In 2022, and under the leadership of a team led by HASTAC Co-Director Jacqueline Wernimont, originally at ASU and then moved to Dartmouth College, HASTAC.org moved its very rickety and antiquated Drupal site to the Humanities Commons to become HASTAC Commons. We continue to be co-directed by Jacque at Dartmouth and the Graduate Center CUNY, with myself as cofounder and codirector and Dr. Adashima Oyo as HASTAC’s Director of Programs and Administration) and also by the leadership of the Humanities Commons, directed by Kathleen Fitzpatrick and her incredible team.

Our conferences have always been hosted by a guest institution. Yes, we’ll be putting out a call again for the next one. The topics are chosen by the host and all the arrangements are made by the host, with constant meetings with HASTAC’s central administrative team. They are ALWAYS ambitious, always changing. 2019, the last conference before the pandemic, was in the Long House at the University of British Columbia, co-directed by Jentery Sayers (University of Victoria) and David Gaertner (Institute for Indigenous Critical Studies, UBC). This year Chris Alen Sula is the conference director and host of “Critical Making and Social Justice” at Pratt Institute—and we are beyond capacity! A great problem to have!

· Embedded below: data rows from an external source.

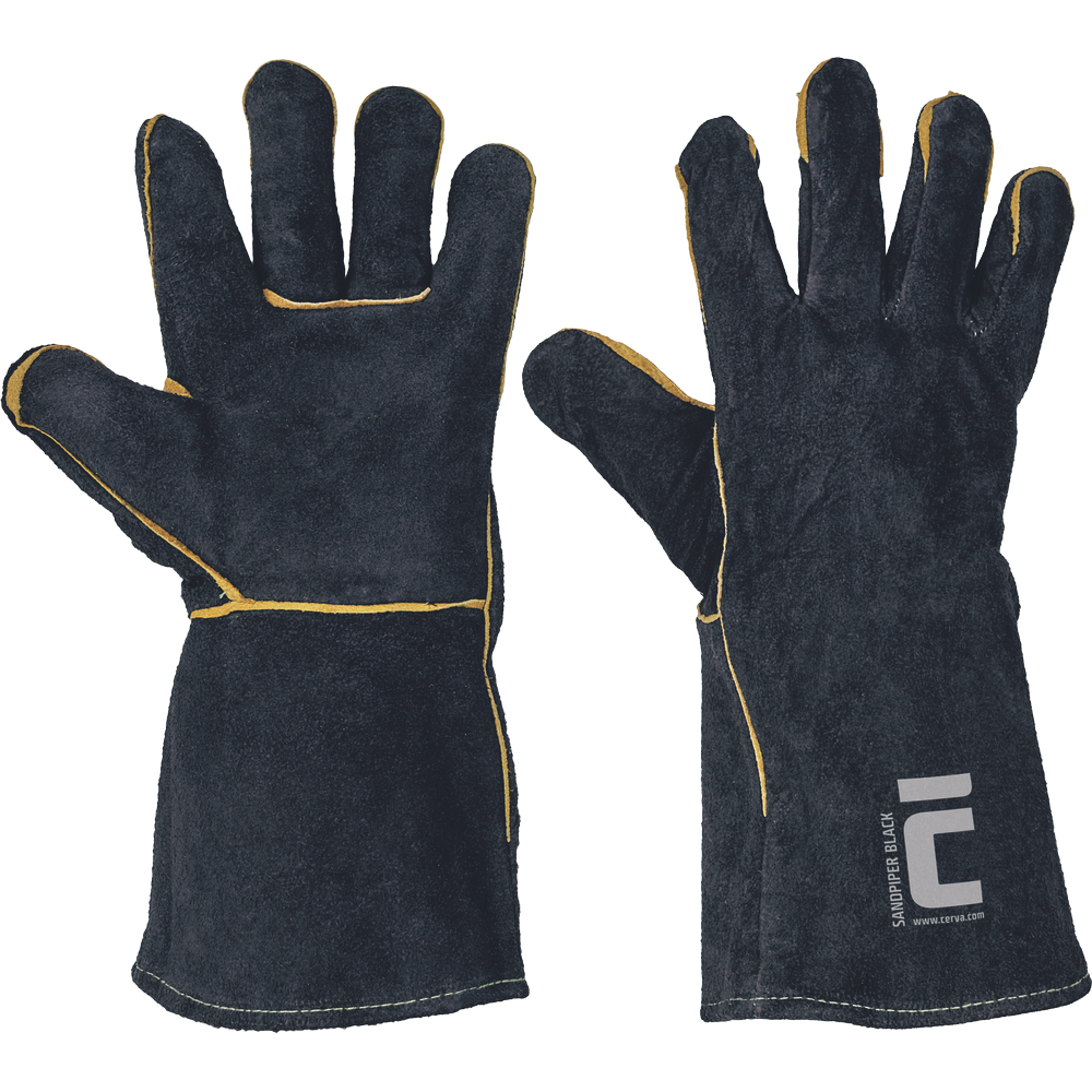 Celokožené rukavice z hovězí štípenky v délce 35 cm, s bavlněnou podšívkou a krytými švy. Certifikát: svářečské práce - typ A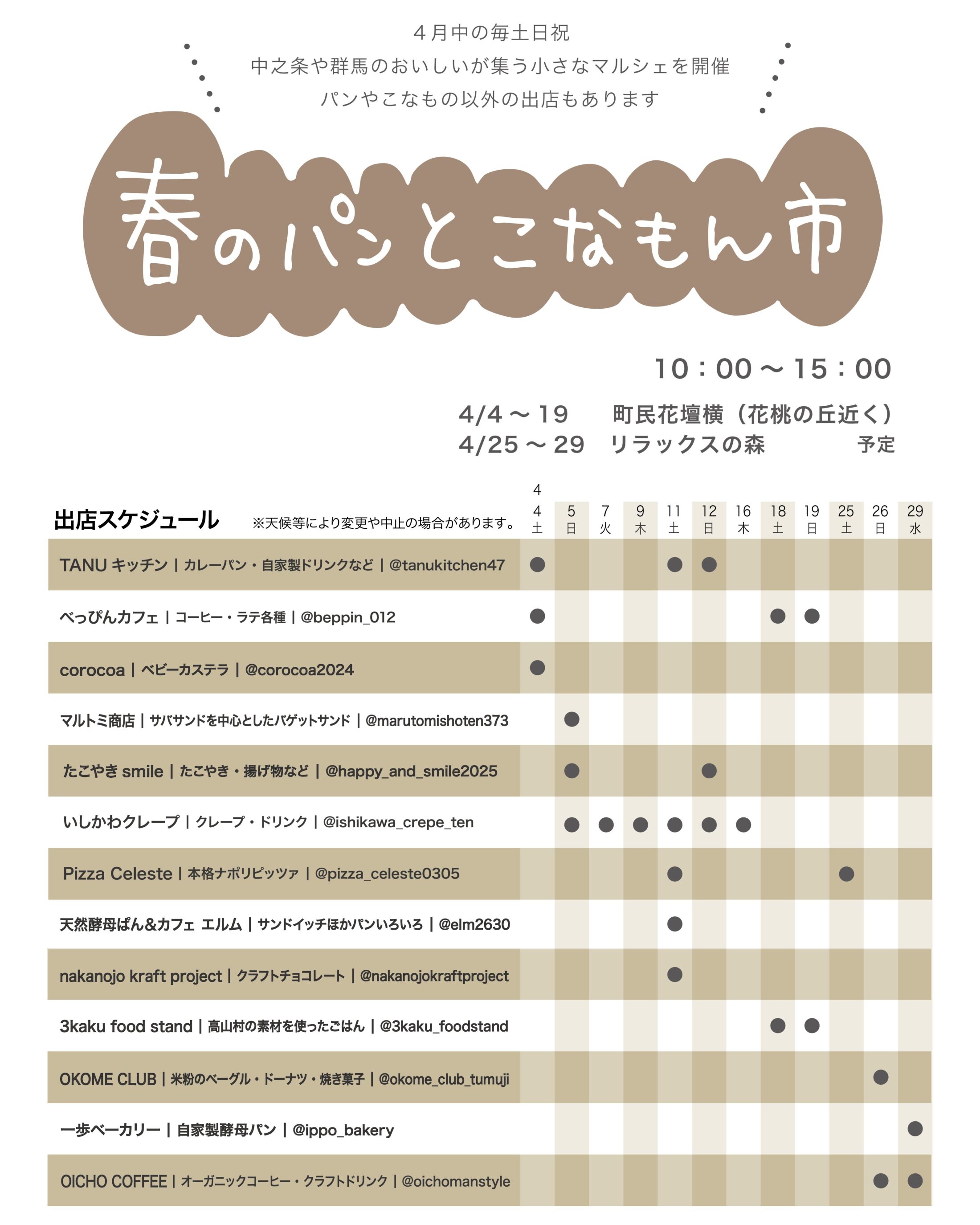 4月は毎土日祝、パンやこなもの系の出店が集う小さなマルシェを開催します。 一部平日の出店もあります。 …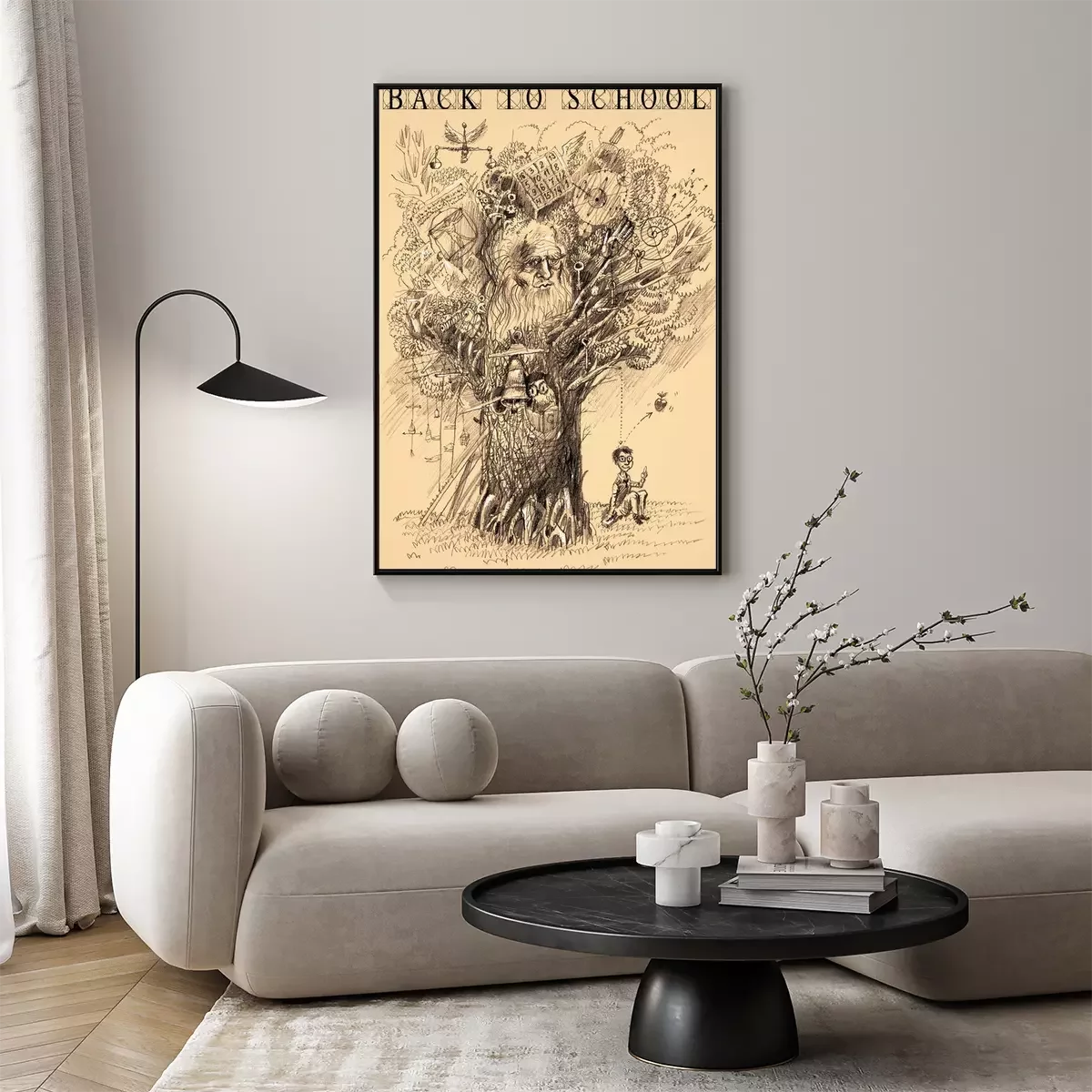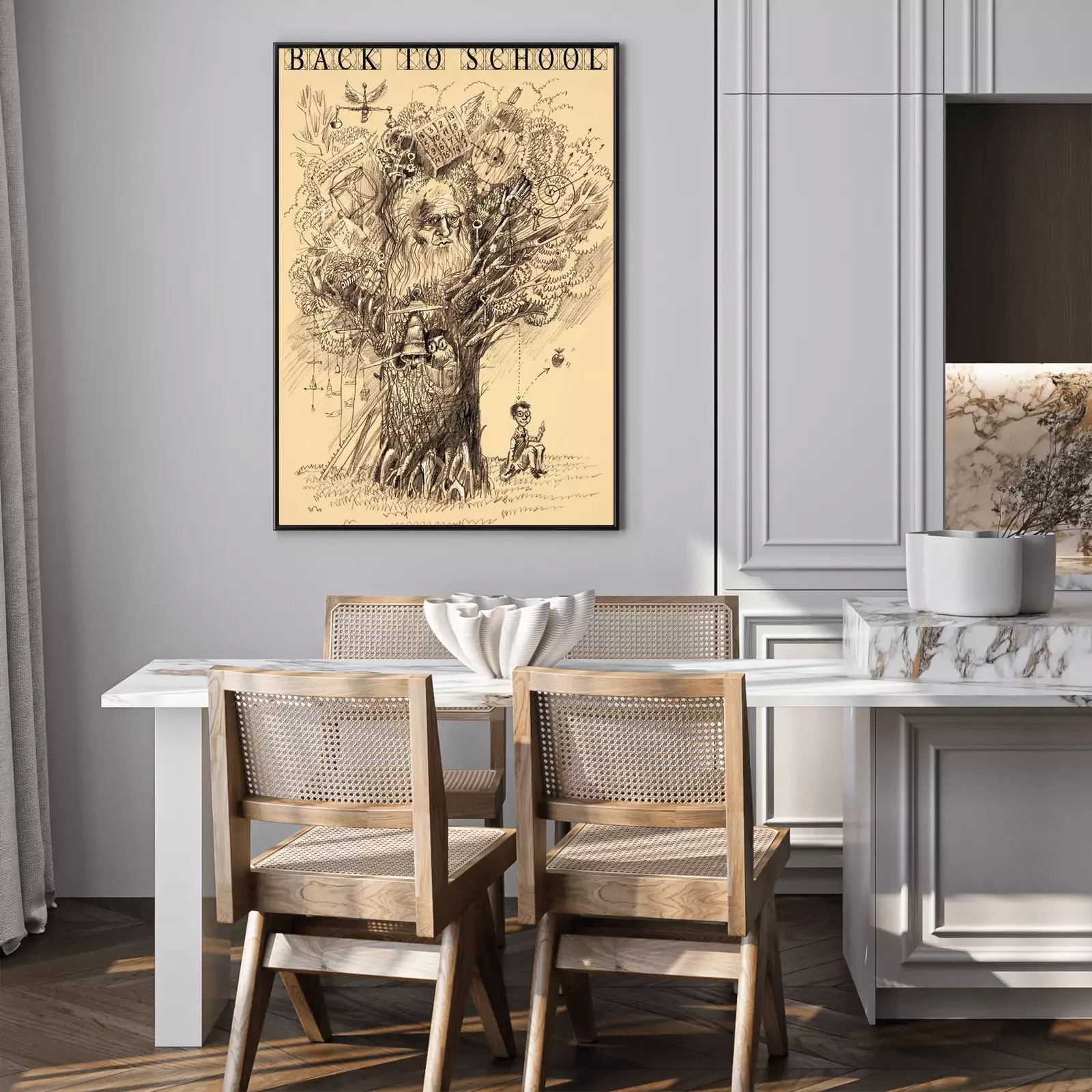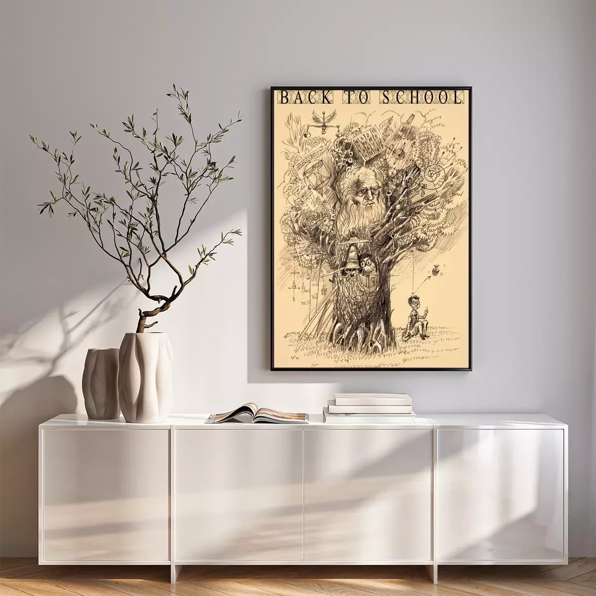 Poster: Terug naar school poster.Tree van Knowledge.The wetenschapper maakt ontdekking. Metafoor van het wetenschappelijk denken. potloodtekening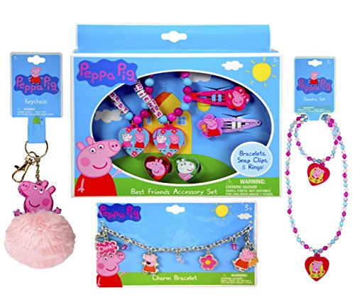 Peppa Pig Accessory Set Includes: 2 beaded bracelets w/charm, 2 snap clips, 2 rings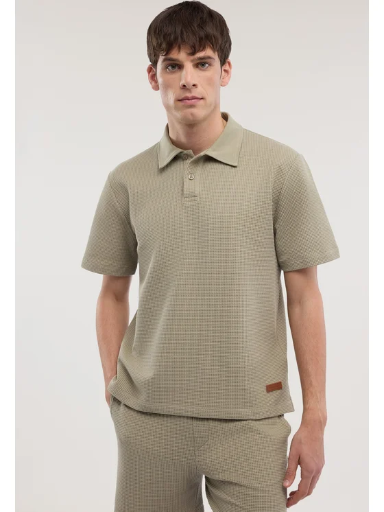 Jersey di cotone effetto waffle; Polo a maniche corte con chiusura a bottoni; Colletto classico e spacchetti laterali
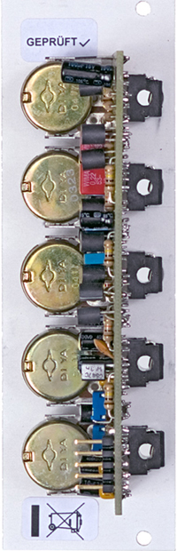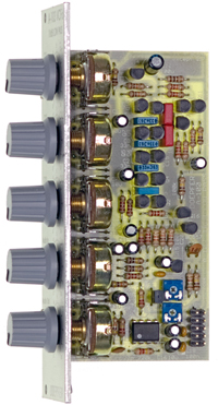 module a-103 is a voltage controlled low pass filter with 18db/octave slope. the circuit is based on a modified transistor ladder (moog ladder) and is a reproduction of the legendary tb303 filter.
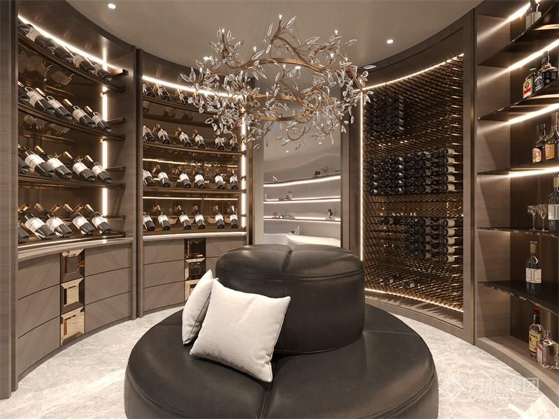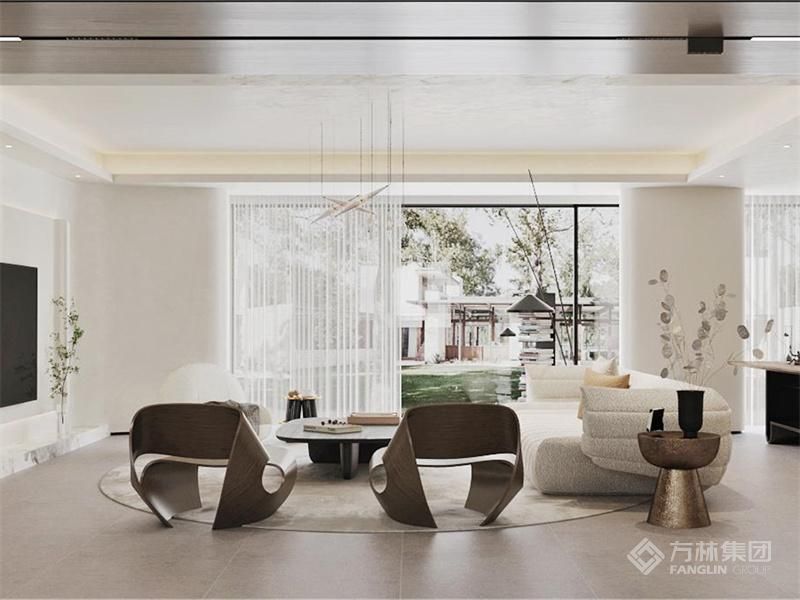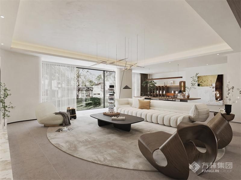 客厅结构上有柱子,所以我们设计时结合柱子弧形的电视背景墙设计,增加了仪式感同时也增加了隐私性,让画面可能性多一些。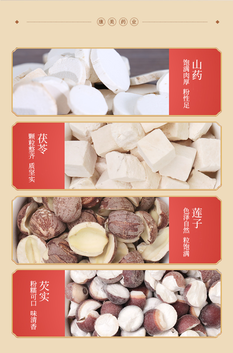 四神汤 60g/剂(茯苓/莲子/山药/芡实) 出自《开卷有益》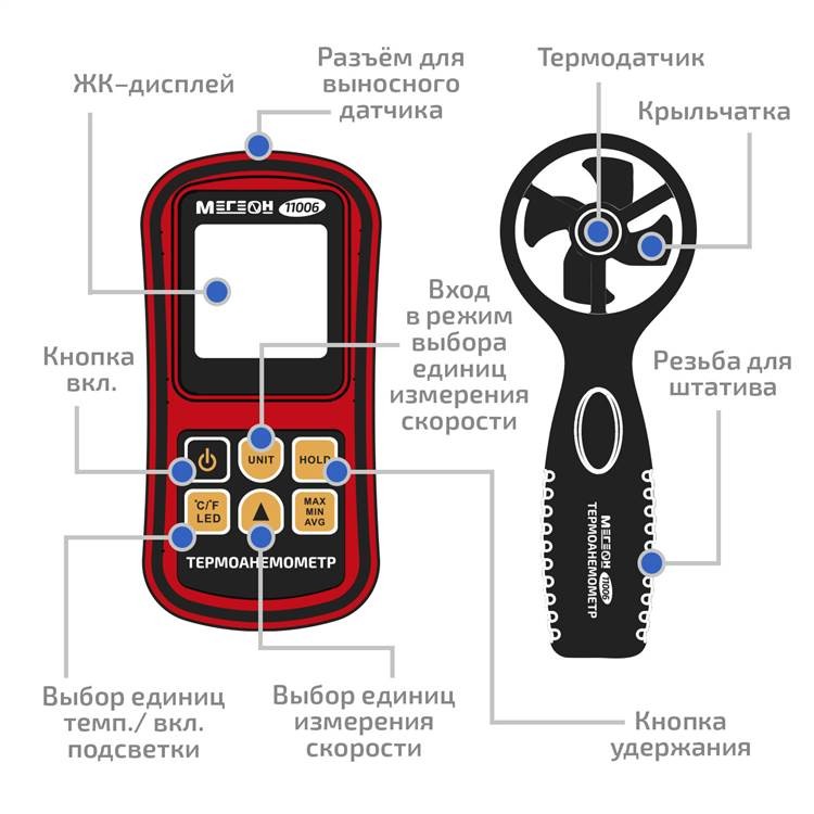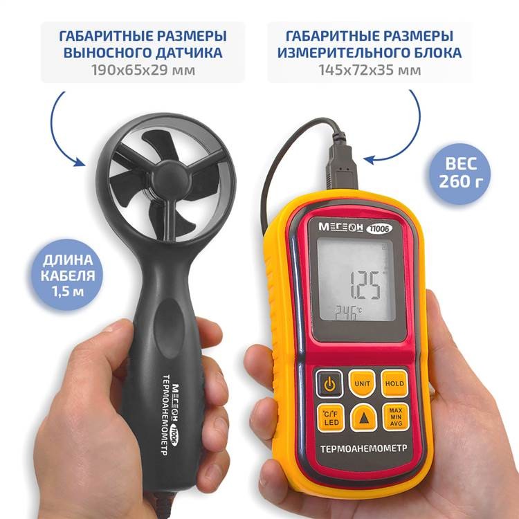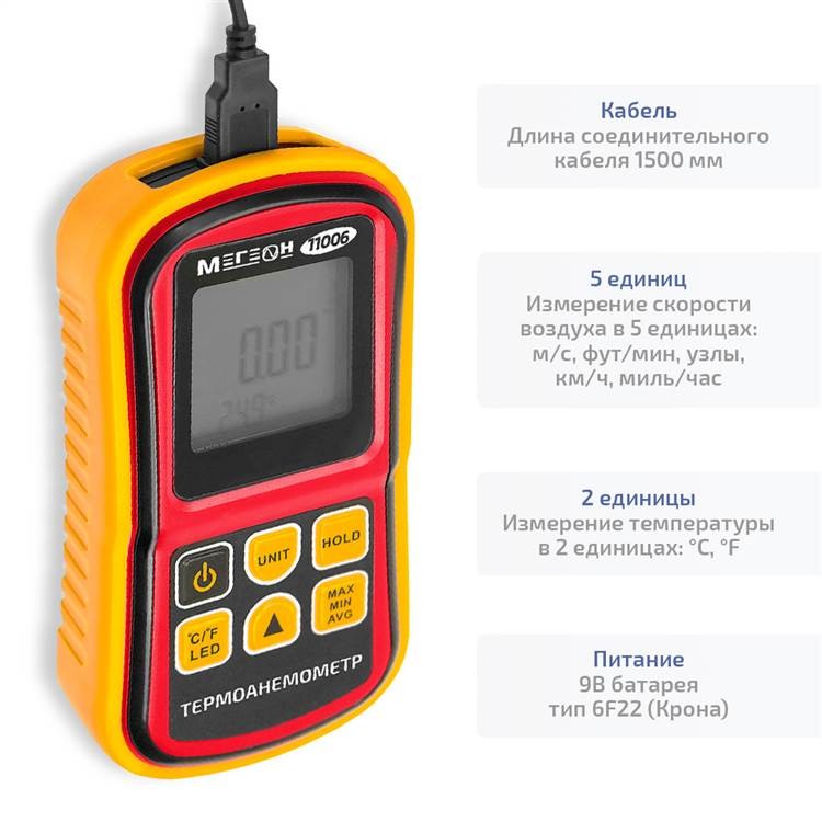 Кроме скорости ветра, анемометр также измеряет температуру воздуха, поддерживая две основные единицы измерения: градусы Цельсия и Фаренгейта. Это позволяет проводить комплексные исследования погодных условий и анализировать их влияние на окружающую среду.

The image for this very hasty and impartial post is from 2013. I was asked to teach one of the first ever MOOC’s, a Coursera course on “The History and Future of Higher Education.” Instead, I offered to teach a HASTAC-driven and inspired “Meta MOOC,” a deconstructive MOOC across three universities (Duke, UC Santa Barbara, and Stanford) with our physical classes meeting together online for several sessions and then all students from all campuses serving as “mentors” for an 18,000 person Coursera MOOC where our students ran seminars and office hours literally 24/7. (Enrollment eventual was well over 100,000–wherever I travel I meet “former students” who were in this MOOC.) We did such collaborative global projects as “A History of Higher Education from the Beginnings (probably in Fez, Morocco, 800 BCE or so) to the Present and Future.” Thousands of entries, thousands of contributions worldwide. All very, very HASTAC!

Who knew we’d last 20 years! A programmer at HASTAC recently told me, “I went back and watched all the HASTAC videos, all the way back to the beginnings, 2007.” I said, but, wait, we began in 2002. He answered, “Yes, but YouTube wasn’t invented yet.” True! True. Indeed, Kevin Franklin and others took us to meet a guy with a desk in what was basically a shed to together plan HASTAC’s first “Wiki.” We launched and later that year that guy, Jimmy Wales, launched Wikipedia. Facebook didn’t exist yet–nor did its predecessor MySpace. Pioneers! We’re pioneers! And, as the vitality of this conference on “Critical Making and Social Justice” makes clear, we still have a long way to go and, with the newest panic about ChatGPT and AI looming, we have lots more work to do. Join us!